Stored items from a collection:
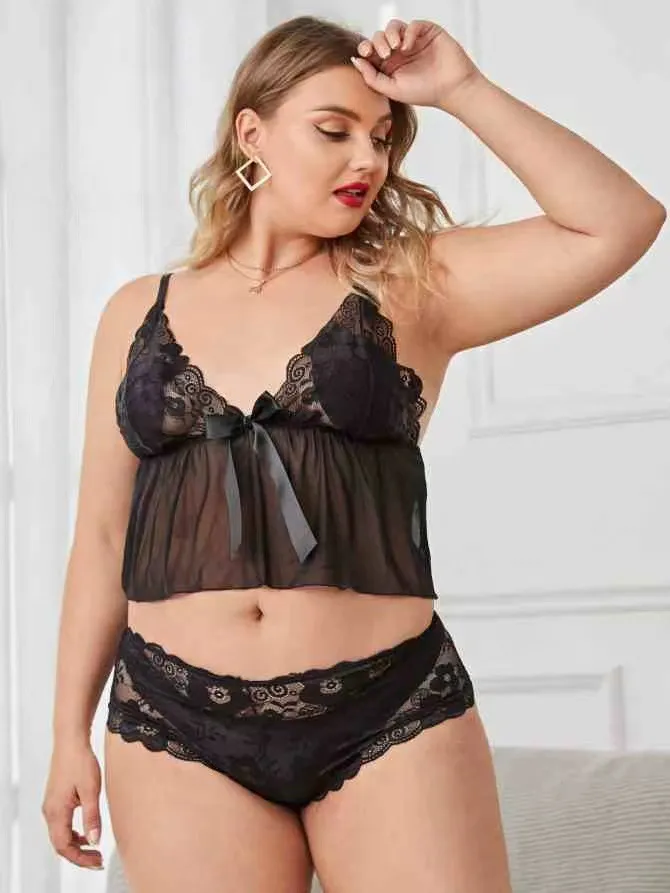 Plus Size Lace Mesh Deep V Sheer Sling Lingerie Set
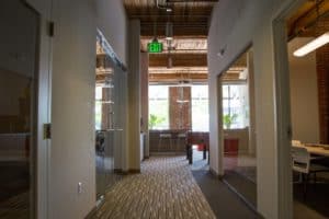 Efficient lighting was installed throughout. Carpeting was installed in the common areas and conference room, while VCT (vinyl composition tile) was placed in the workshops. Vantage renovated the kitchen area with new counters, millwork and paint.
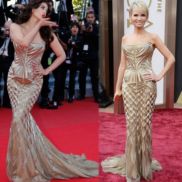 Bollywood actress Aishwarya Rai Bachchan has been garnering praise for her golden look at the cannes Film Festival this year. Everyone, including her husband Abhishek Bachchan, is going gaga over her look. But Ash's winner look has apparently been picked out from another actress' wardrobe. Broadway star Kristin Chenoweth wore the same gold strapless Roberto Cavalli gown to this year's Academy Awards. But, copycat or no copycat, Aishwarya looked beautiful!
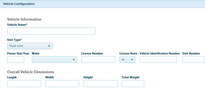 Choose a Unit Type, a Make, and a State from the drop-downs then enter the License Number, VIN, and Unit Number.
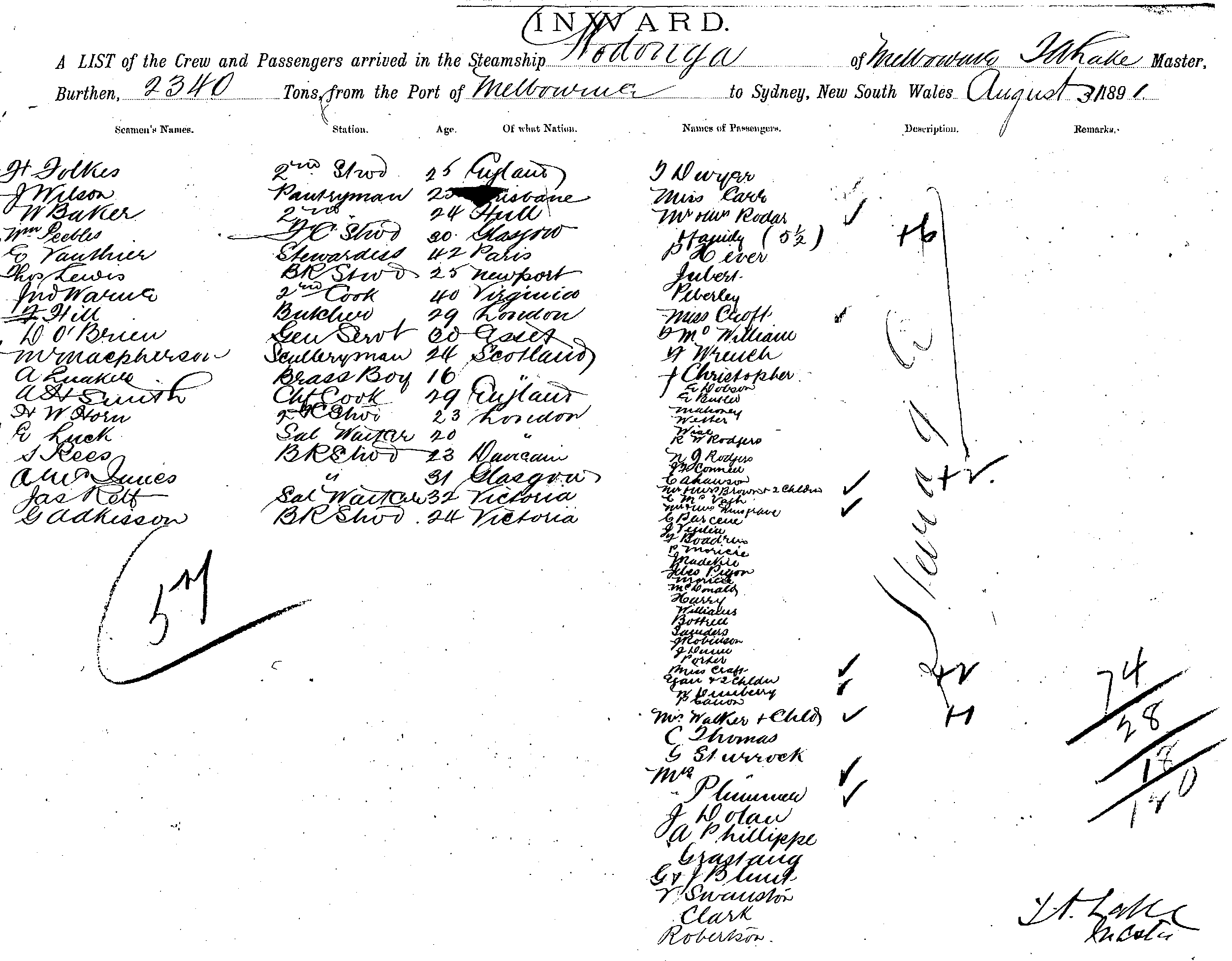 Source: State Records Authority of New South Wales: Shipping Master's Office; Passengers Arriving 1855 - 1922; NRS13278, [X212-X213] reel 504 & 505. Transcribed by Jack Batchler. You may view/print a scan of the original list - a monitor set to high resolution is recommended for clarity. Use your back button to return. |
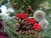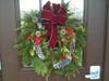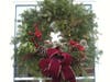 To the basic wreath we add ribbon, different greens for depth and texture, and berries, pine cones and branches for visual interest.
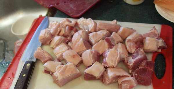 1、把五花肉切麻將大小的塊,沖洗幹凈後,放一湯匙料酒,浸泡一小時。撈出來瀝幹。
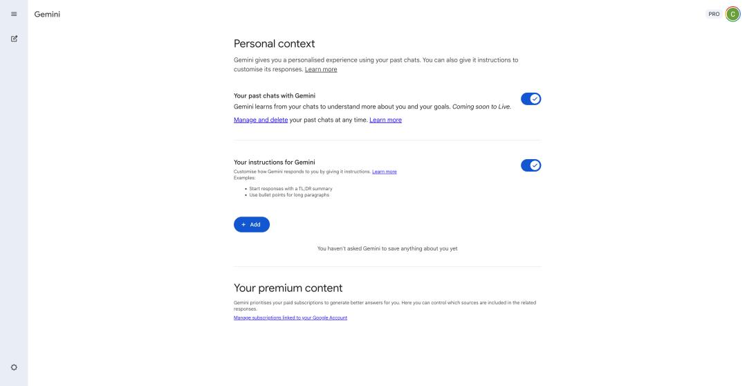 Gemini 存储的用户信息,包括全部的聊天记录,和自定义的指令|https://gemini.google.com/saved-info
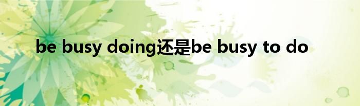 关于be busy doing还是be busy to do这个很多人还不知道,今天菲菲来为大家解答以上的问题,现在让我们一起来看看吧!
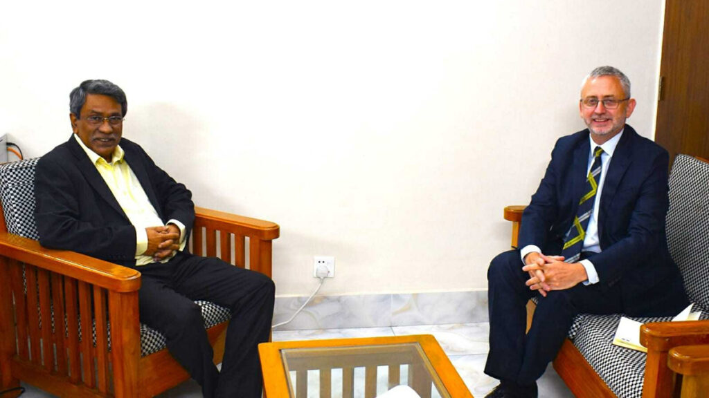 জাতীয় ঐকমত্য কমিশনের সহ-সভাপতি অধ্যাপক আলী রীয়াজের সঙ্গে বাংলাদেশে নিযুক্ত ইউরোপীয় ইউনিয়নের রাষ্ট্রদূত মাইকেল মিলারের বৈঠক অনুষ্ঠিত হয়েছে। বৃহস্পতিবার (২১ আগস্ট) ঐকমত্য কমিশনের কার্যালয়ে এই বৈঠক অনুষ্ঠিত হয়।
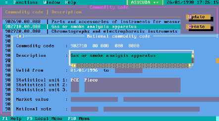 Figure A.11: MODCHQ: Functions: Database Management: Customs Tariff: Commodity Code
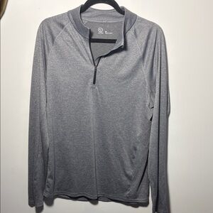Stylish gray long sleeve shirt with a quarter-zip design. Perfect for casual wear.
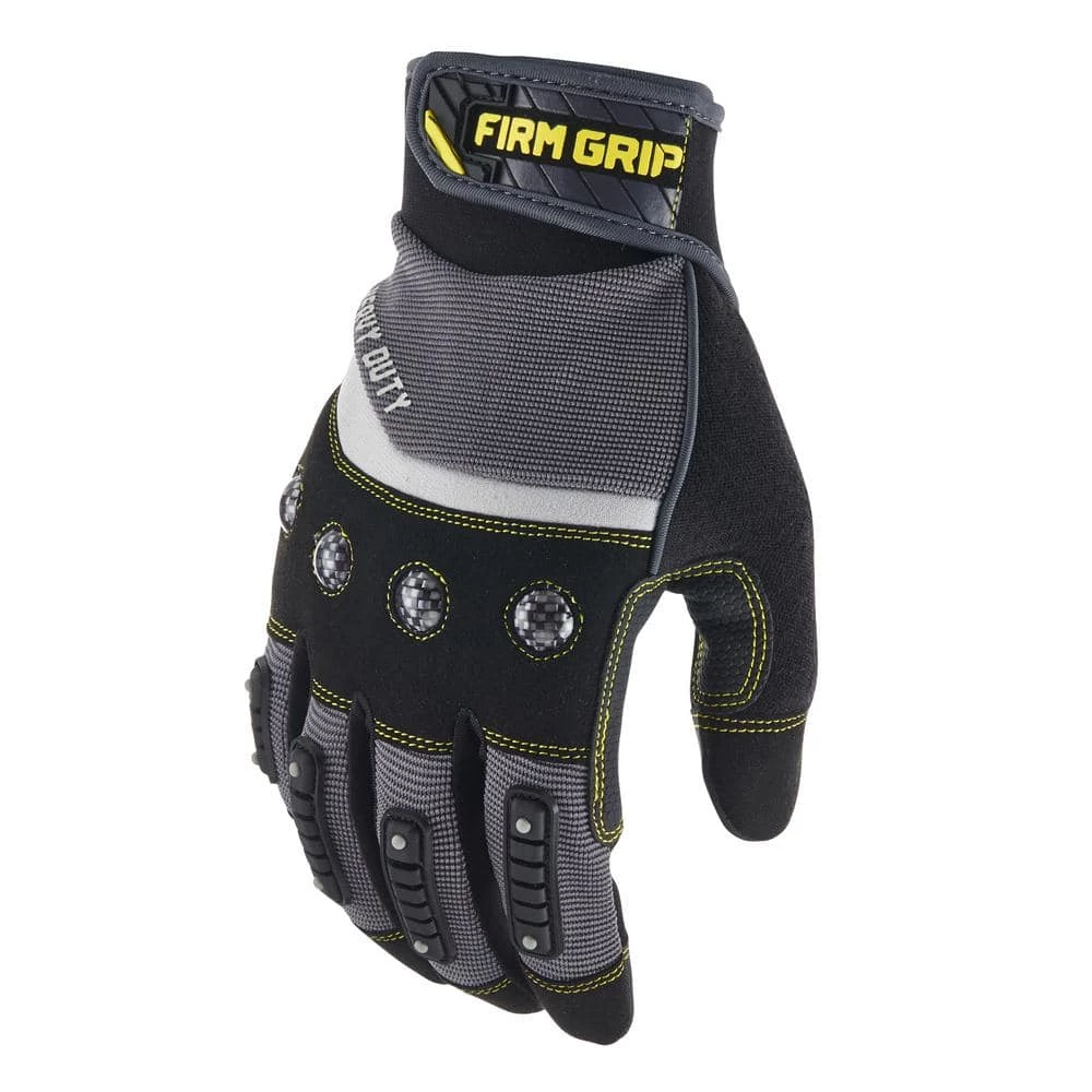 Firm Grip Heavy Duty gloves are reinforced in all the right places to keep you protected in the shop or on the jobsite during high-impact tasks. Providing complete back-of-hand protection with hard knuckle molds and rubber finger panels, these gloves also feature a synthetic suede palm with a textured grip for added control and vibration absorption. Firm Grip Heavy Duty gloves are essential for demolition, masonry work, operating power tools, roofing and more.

Task prompt: Transcribe exactly the lines above, beginning at the one with "To the basic" and going up to and including the one with "关于be busy doing还是be". Pictures do not belong in the copy.

Reply to the exercise:
 To the basic wreath we add ribbon, different greens for depth and texture, and berries, pine cones and branches for visual interest.
 1、把五花肉切麻將大小的塊,沖洗幹凈後,放一湯匙料酒,浸泡一小時。撈出來瀝幹。
 Gemini 存储的用户信息,包括全部的聊天记录,和自定义的指令|https://gemini.google.com/saved-info
 关于be busy doing还是be busy to do这个很多人还不知道,今天菲菲来为大家解答以上的问题,现在让我们一起来看看吧!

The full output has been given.